Build a real-time data warehouse

Obtain real-time data using ECS

An Elastic Compute Service (ECS) instance is used to extract real-time event data from the GitHub API. This topic provides a sample script to show how to collect real-time data from the GitHub API.

Note
  • Each time the script runs, it executes for 1 minute. It collects the real-time event data provided by the API during this period and stores each event in JSON format.

  • This script does not guarantee that all real-time event data is collected.

  • To continuously collect data from the GitHub API, provide Accept and Authorization headers. The value of Accept is fixed. For Authorization, enter the personal access token that you obtained from GitHub. For more information about how to create a personal access token, see this documentation.

  1. Run the following commands to create a file named download_realtime_data.py in the /opt/realtime directory.

    cd /opt/realtime
    vim download_realtime_data.py
  2. Press i to enter edit mode and add the following sample content to the file.

    #!python
    
    import requests
    import json
    import sys
    import time
    
    # Get the API URL
    def get_next_link(resp):
        resp_link = resp.headers['link']
        link = ''
        for l in resp_link.split(', '):
            link = l.split('; ')[0][1:-1]
            rel = l.split('; ')[1]
            if rel == 'rel="next"':
                return link
        return None
    
    # Collect one page of data from the API
    def download(link, fname):
    # Define the Accept and Authorization headers for the GitHub API
        headers = {"Accept": "application/vnd.github+json","Authorization": "<Bearer> <github_api_token>"}
        resp = requests.get(link, headers=headers)
    
        if int(resp.status_code) != 200:
            return None
    
        with open(fname, 'a') as f:
            for j in resp.json():
                f.write(json.dumps(j))
                f.write('\n')
    
        print('downloaded {} events to {}'.format(len(resp.json()), fname))
        return resp
    
    # Collect multiple pages of data from the API
    def download_all_data(fname):
        link = 'https://api.github.com/events?per_page=100&page=1'
        while True:
            resp = download(link, fname)
            if resp is None:
                break
            link = get_next_link(resp)
            if link is None:
                break
    
    # Define the current time
    def get_current_ms():
        return round(time.time()*1000)
    
    # Define the script execution duration as 1 minute
    def main(fname):
        current_ms = get_current_ms()
        while get_current_ms() - current_ms < 60*1000:
            download_all_data(fname)
            time.sleep(0.1)
    
    # Run the script
    if __name__ == '__main__':
        if len(sys.argv) < 2:
            print('usage: python {} <log_file>'.format(sys.argv[0]))
            exit(0)
        main(sys.argv[1])
  3. Press the Esc key, enter :wq, and press Enter to save and close the file.

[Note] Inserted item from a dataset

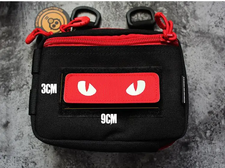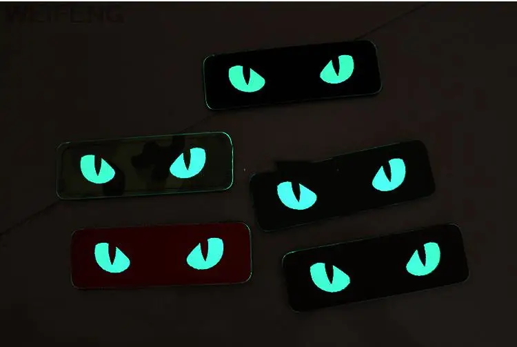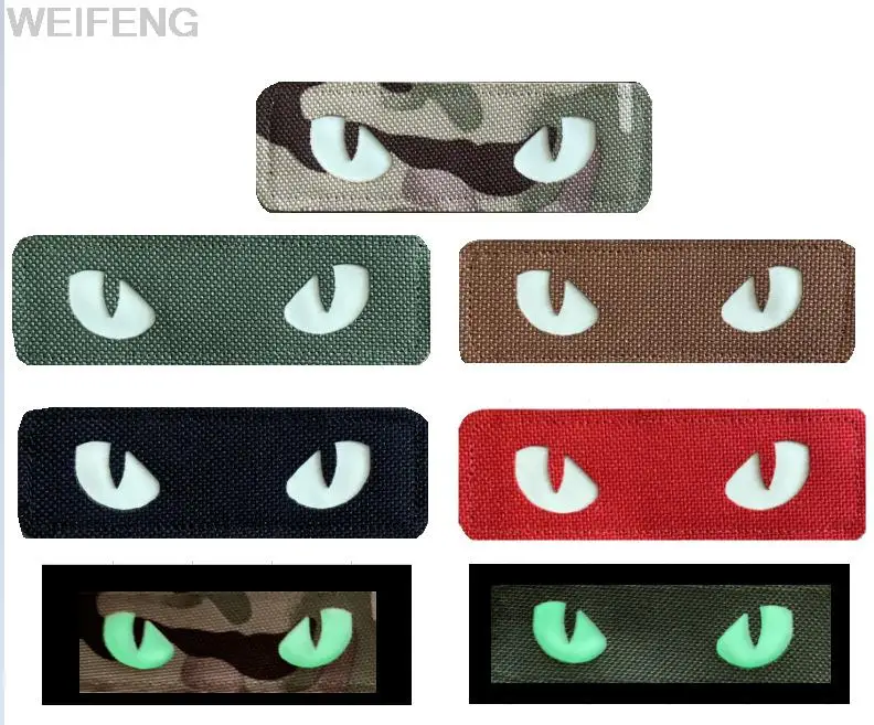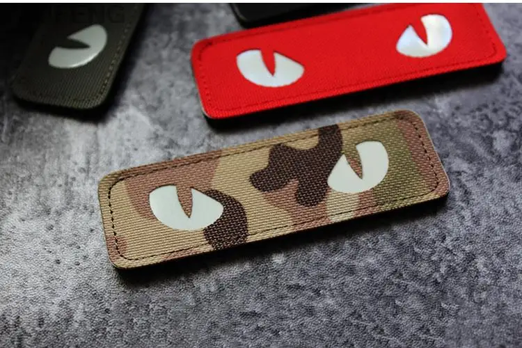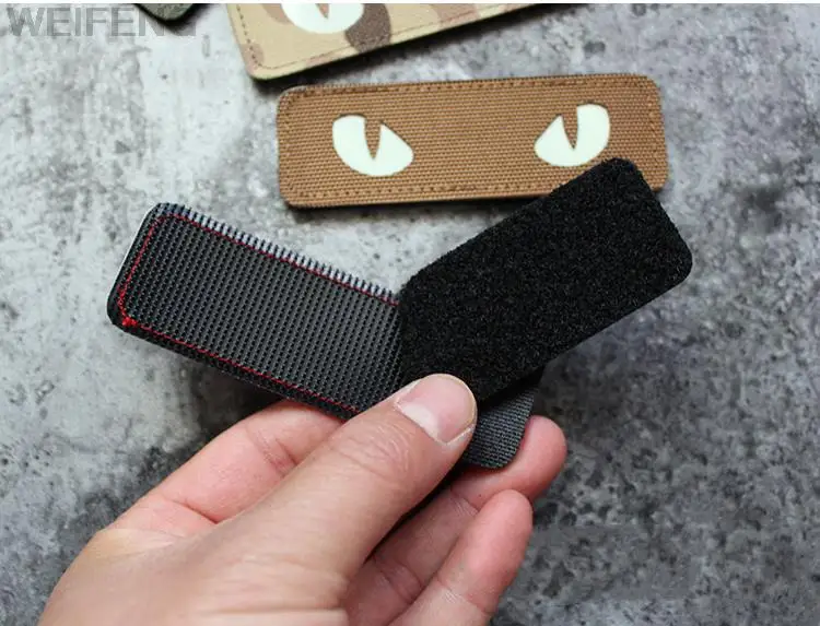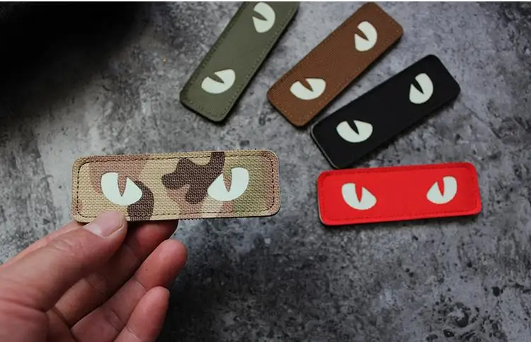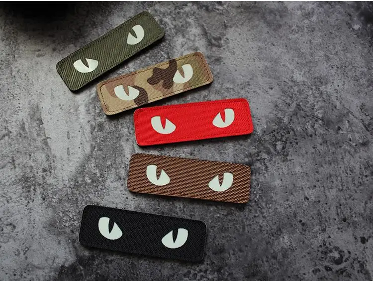 Nombre: brazaletes bordados luminosos de ojo de gato. Color: verde militar, marrón, Camuflaje, rojo, negro. Tamaño: 9x3cm. Artesanía: noctilucente. Embalaje: 1. Características de la ropa. Se puede conectar a ropa, mochilas, sombreros y otros artículos, DIY personalizado. Resalta la diferencia contigo
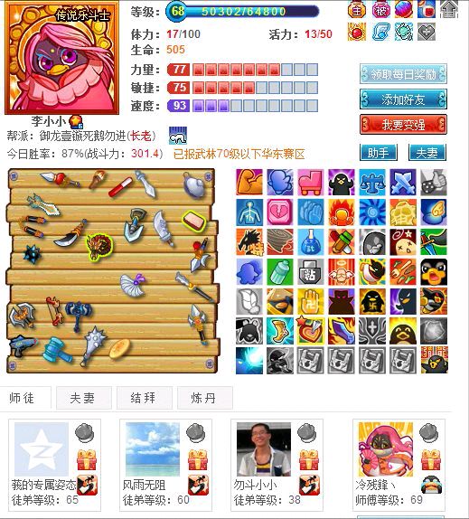 帮修13 13 7 10 14,武器全3,分享800+,技能佛山和暴雨4,战斗力222.9,50的扫地,小宝43的悟性9

  4. Create a run_py.sh file to run download_realtime_data.py and store the data collected from each run separately. The content is as follows.

    python /opt/realtime/download_realtime_data.py /opt/realtime/gh_realtime_data/$(date '+%Y-%m-%d-%H:%M:%S').json
  5. Create a delete_log.sh file to delete historical data. The content is as follows.

    d=$(TZ=UTC date --date='2 day ago' '+%Y-%m-%d')
    rm -f /opt/realtime/gh_realtime_data/*${d}*.json
  6. Run the following commands to collect GitHub data every minute and delete historical data every day.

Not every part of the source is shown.